*** Material for this task
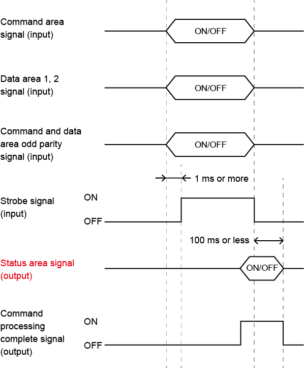 - If the strobe signal is turned off, before command processing is completed, the status signal will be output and then turned off within 100 ms.
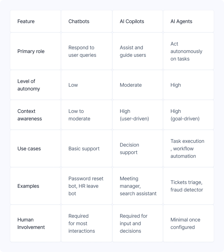 Put simply, choosing between a chatbot, copilot, or agent isn’t just about features but more about fit.
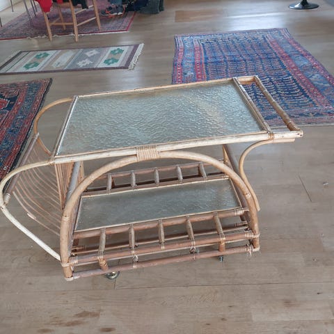 Serveringsvogn / barbord / rullevogn / rullebord i mørkt træ, på øverste hylde er der en glas plade (som kan fjernes) og nederste hylde i træ. Vognen står på fire hjul, som gør den let at flytte rundt. Egnet som barvogn, sidebord eller ekstra afsætningsplads i stue, køkken eller spisestue.
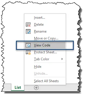First off, we need to open the Visual Basic Editor. This can be opened using the shortcut key Alt-F11. Because we are going to be placing the code on the “List” sheet, we will right-mouse-click on the “List” sheet tab and select View Code.
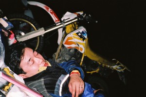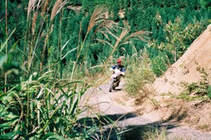 99/10/10 翌朝は、ちょっと遅めの8時起床。珍しく日が昇ってからの起床。眠い目をこすって寝袋から起きて着ると、「松ちゃんさん、目が腫れてますよ」とコータ君。バイクのミラーで見てみると、左目が”お岩さん”状態。コータ君も左耳がはれています。どうやら、昨日暖かいことをいいことに、寝袋のみで寝てしまったので、蚊に刺されたようです。やむなし・・・。朝食は昨日買っておいたパンと水・水・みず!。ささっと片づけを済ませて9時には出発。ここからは福井県が一生懸命作った「広域基幹林道越後西部線1~3号」が連続しているんです。前に来たのは3年前ほど。さてどこまで舗装が進んでいるのやら、、
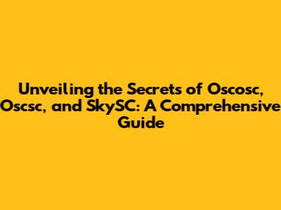 Unveiling The Secrets Of Oscosc, Oscsc, And SkySC: A Comprehensive Guide
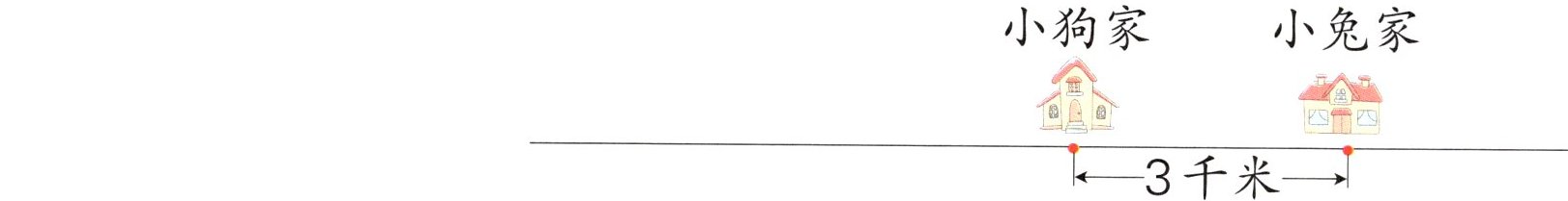 4. 小松鼠家、小狗家、小兔家都在同一条路上,小松鼠家到小狗家5000米,小松鼠家到小兔家有多远?(先画一画)
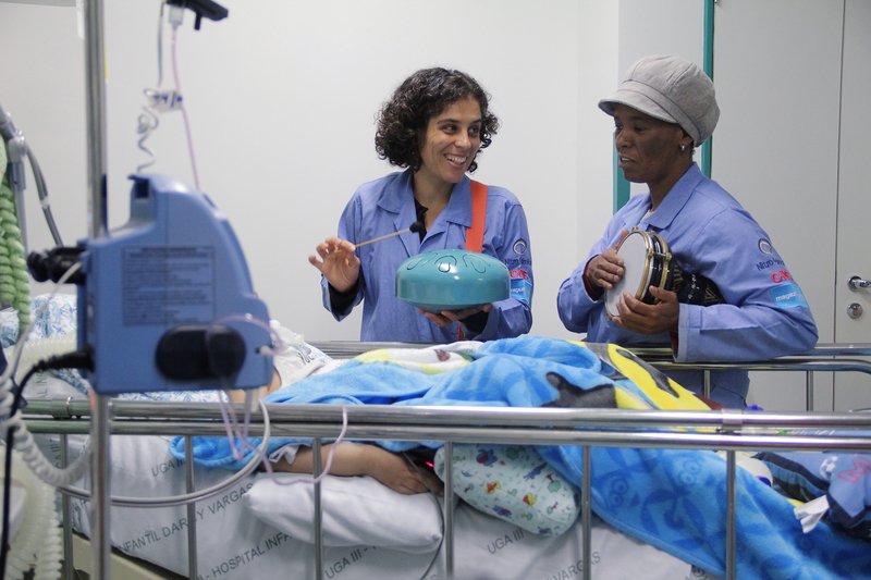 Com a narração de histórias e a música, o paciente além de resgatar memórias, minimizar medos, angústias e sofrimentos, fortalece vínculos e se reconecta com a sua vida fora do hospital, modificando seu estado de espírito.
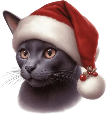 Charming Grey Cat with Santa Hat DTF Transfer | Festive Christmas Apparel
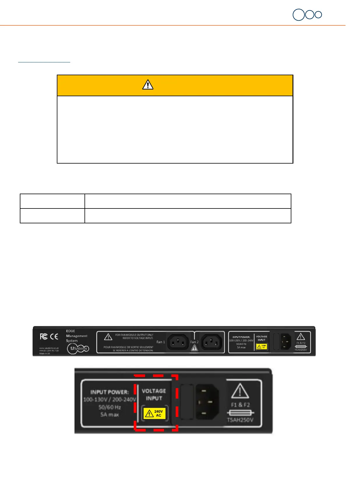 The EDGE-3 equipment is congure for either 100-130V fans or 200-240V dependant on the fans ed, this
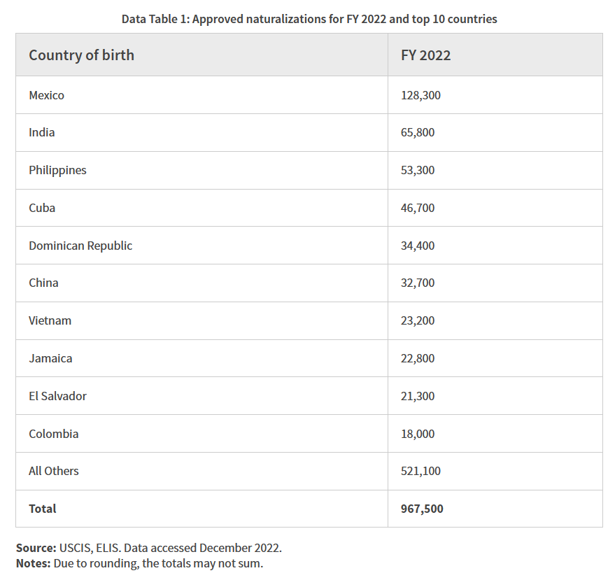 据美国公民及移民服务局(USCIS)的最新统计数据,2022财年,美国共接纳了967,500名新公民,这是自2008财年以来的最高水平,比去年增加了20%。在这些新公民中,中国公民占据了一席之地,共有32,700名中国公民在2022财年获得美国公民身份,成为新公民出生国的前六名之一。
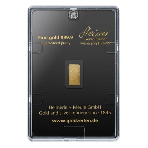 LBMA certifikat znači da ova kovnica ispunjava stroge kriterije kvalitete udruženja sudionika s najvećeg tržišta zlata na svijetu – onog u Londonu. Taj certifikat je garancija svim kupcima Heimerle Meule poluga da sadrže navedenu količinu i čistoću zlata. To također znači da je zlatna poluga 2.5 grama lako unovčiva i ima vrlo likvidno tržište. Isto vrijedi za sve ostale poluge ove kovnice. Osim zlatne poluge od 2.5g, u ponudi postoje i poluge od 1g, 5g, 10g, 20g, 1 unce, 50g i 100g.
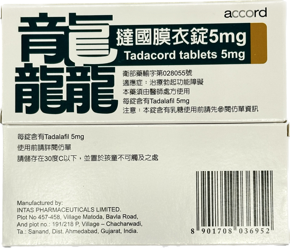 龘撻國 Tadacord 20mg 膜衣錠 (4粒/盒) Tadalafil丨正品保證
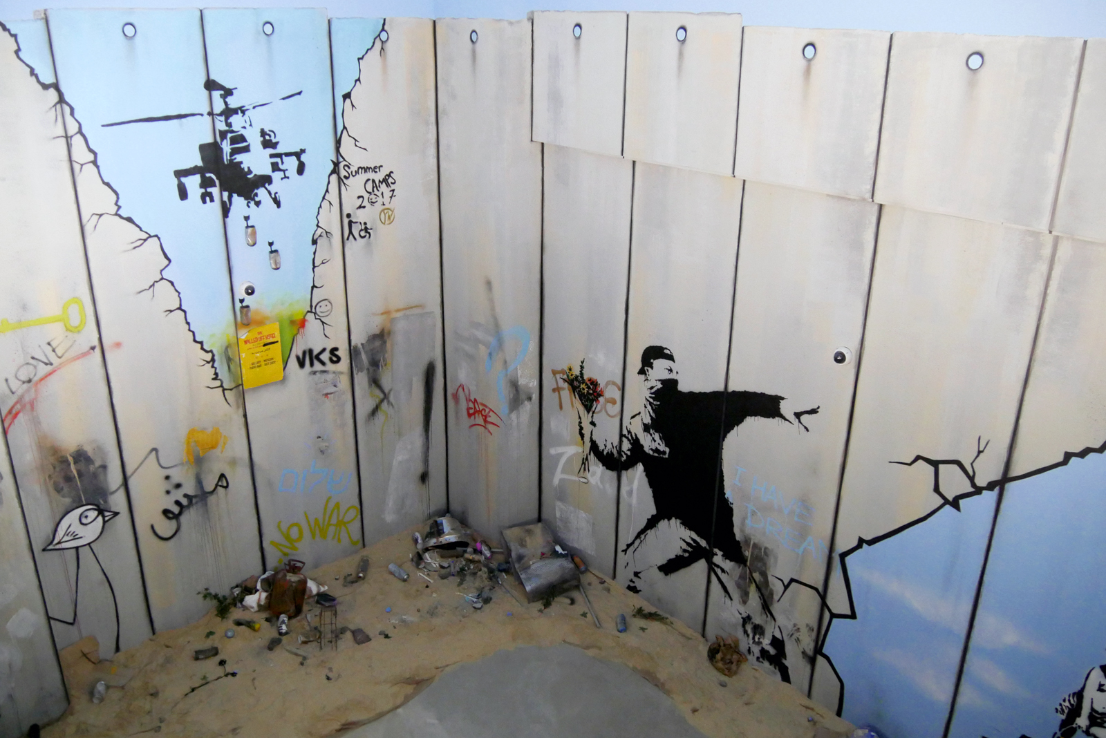 C’est aussi assez impressionnant de se retrouver face à une reproduction du mur séparant Israël et la Palestine : un des grands terrains de jeu de Banksy.
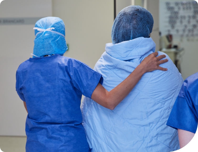 Vous arrivez le matin même de l’intervention et êtes accompagnée jusqu’au salon d’accueil du bloc opératoire. L’équipe chirurgicale composée d’infirmier(e) et de votre chirurgien vous accompagne à pied jusqu’en salle d’opération. L’équipe vérifiera votre identité et tous les éléments nécessaires à votre sécurité.
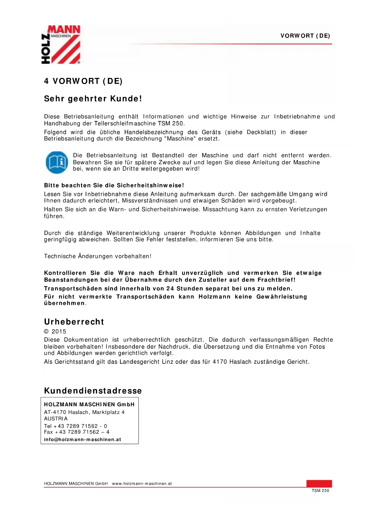 Schleifscheibe / Disque abrasif Ø 254 mm Absauganschluss / Buse d’aspiration Ø 35mm Tischgröße / Dimension de la table 290 x 140 mm Tischschwenkung / Inclinaison de la table ± 45° Maschinenmaße / Dimension de la machine 350 x 380 x 300mm Gewicht / Poids 11 kgVORWORT (DE) HOLZMANN MASCHINEN GmbH www.holzmann-maschinen.at 6 TSM 250 4 VORWORT (DE) Sehr geehrter Kunde! Diese Betriebsanleitung enthält Informationen und wichtige Hinweise zur Inbetriebnahme und Handhabung der Tellerschleifmaschine TSM 250. Folgend wird die übliche Handelsbezeichnung des Geräts (siehe Deckblatt) in dieser Betriebsanleitung durch die Bezeichnung "Maschine" ersetzt. Die Betriebsanleitung ist Bestandteil der Maschine und darf nicht entfernt werden. Bewahren Sie sie für spätere Zwecke auf und legen Sie diese Anleitung der Maschine bei, wenn sie an Dritte weitergegeben wird! Bitte beachten Sie die Sicherheitshinweise! Lesen Sie vor Inbetriebnahme diese Anleitung aufmerksam durch. Der sachgemäße Umgang wird Ihnen dadurch erleichtert, Missverständnissen und etwaigen Schäden wird vorgebeugt. Halten Sie sich an die Warn- und Sicherheitshinweise. Missachtung kann zu ernsten Verletzungen führen. Durch die ständige Weiterentwicklung unserer Produkte können Abbildungen und Inhalte geringfügig abweichen. Sollten Sie Fehler feststellen, informieren Sie uns bitte. Technische Änderungen vorbehalten! Kontrollieren Sie die Ware nach Erhalt unverzüglich und vermerken Sie etwaige Beanstandungen bei der Übernahme durch den Zusteller auf dem Frachtbrief! Transportschäden sind innerhalb von 24 Stunden separat bei uns zu melden. Für nicht vermerkte Transportschäden kann Holzmann keine Gewährleistung übernehmen. Urheberrecht © 2015 Diese Dokumentation ist urheberrechtlich geschützt. Die dadurch verfassungsmäßigen Rechte bleiben vorbehalten! Insbesondere der Nachdruck, die Übersetzung und die Entnahme von Fotos und Abbildungen werden gerichtlich verfolgt. Als Gerichtsstand gilt das Landesgericht Linz oder das für 4170 Haslach zuständige Gericht. Kundendienstadresse HOLZMANN MASCHINEN GmbH AT-4170 Haslach, Marktplatz 4 AUSTRIA Tel +43 7289 71562 - 0 Fax +43 7289 71562 – 4 info@holzmann-maschinen.atSICHERHEIT HOLZMANN MASCHINEN GmbH www.holzmann-maschinen.at 7 TSM 250 5 SICHERHEIT
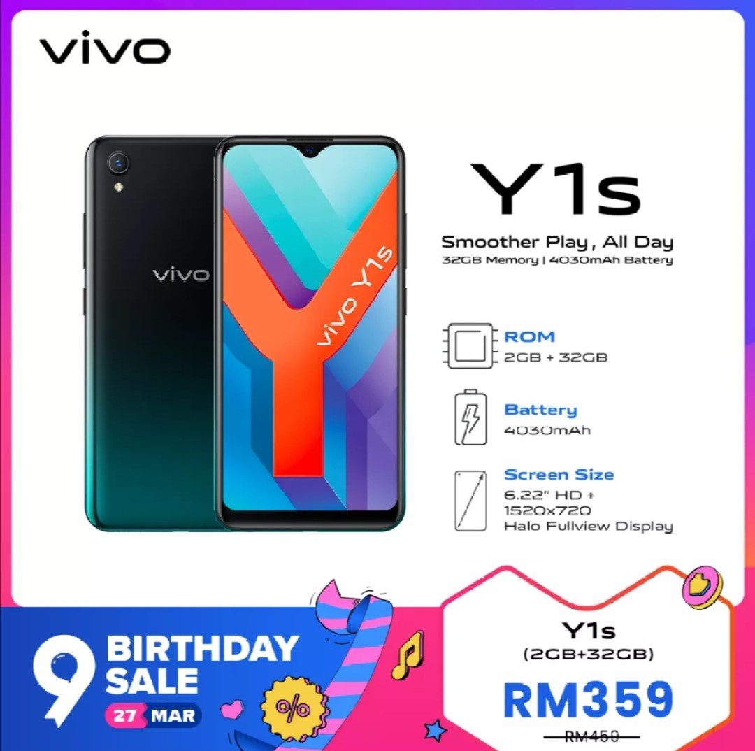 ▪ vivo Y1s (2GB RAM + 32GB ROM) Smartphone – RM459 RM359【点击这里】
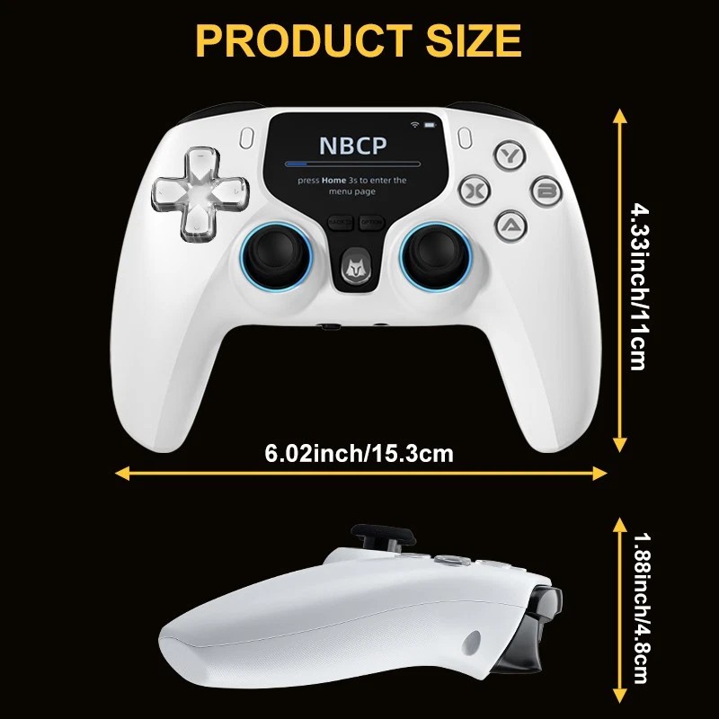 Take your gaming experience to the next level with the NBCP WOLF-V6 Wireless Controller — a feature-packed, pro-grade controller engineered for versatility and performance. Its smart interactive screen allows you to directly configure vibration strength, macro commands, lighting, and joystick sensitivity without any app. With dual macro back buttons, Turbo mode, and customizable settings, you’ll gain a competitive edge in every battle. Whether you game on PC, Switch, Android, iOS, or PS3, this controller’s tri-mode connectivity and 1000Hz polling rate ensure seamless, ultra-responsive gameplay. Built with hall effect technology to eliminate stick drift and featuring the same premium vibration motors used in Sony’s official controllers, the WOLF-V6 delivers an immersive and durable experience. And with a 3.5mm headset jack for in-game audio, every detail is designed to elevate your play.
******
With the pictures removed, print only the lines starting at the line that has "LBMA certifikat znači" and ending at the line that has "C’est aussi assez", both ends included, exactly as they stand above.

 LBMA certifikat znači da ova kovnica ispunjava stroge kriterije kvalitete udruženja sudionika s najvećeg tržišta zlata na svijetu – onog u Londonu. Taj certifikat je garancija svim kupcima Heimerle Meule poluga da sadrže navedenu količinu i čistoću zlata. To također znači da je zlatna poluga 2.5 grama lako unovčiva i ima vrlo likvidno tržište. Isto vrijedi za sve ostale poluge ove kovnice. Osim zlatne poluge od 2.5g, u ponudi postoje i poluge od 1g, 5g, 10g, 20g, 1 unce, 50g i 100g.
 龘撻國 Tadacord 20mg 膜衣錠 (4粒/盒) Tadalafil丨正品保證
 C’est aussi assez impressionnant de se retrouver face à une reproduction du mur séparant Israël et la Palestine : un des grands terrains de jeu de Banksy.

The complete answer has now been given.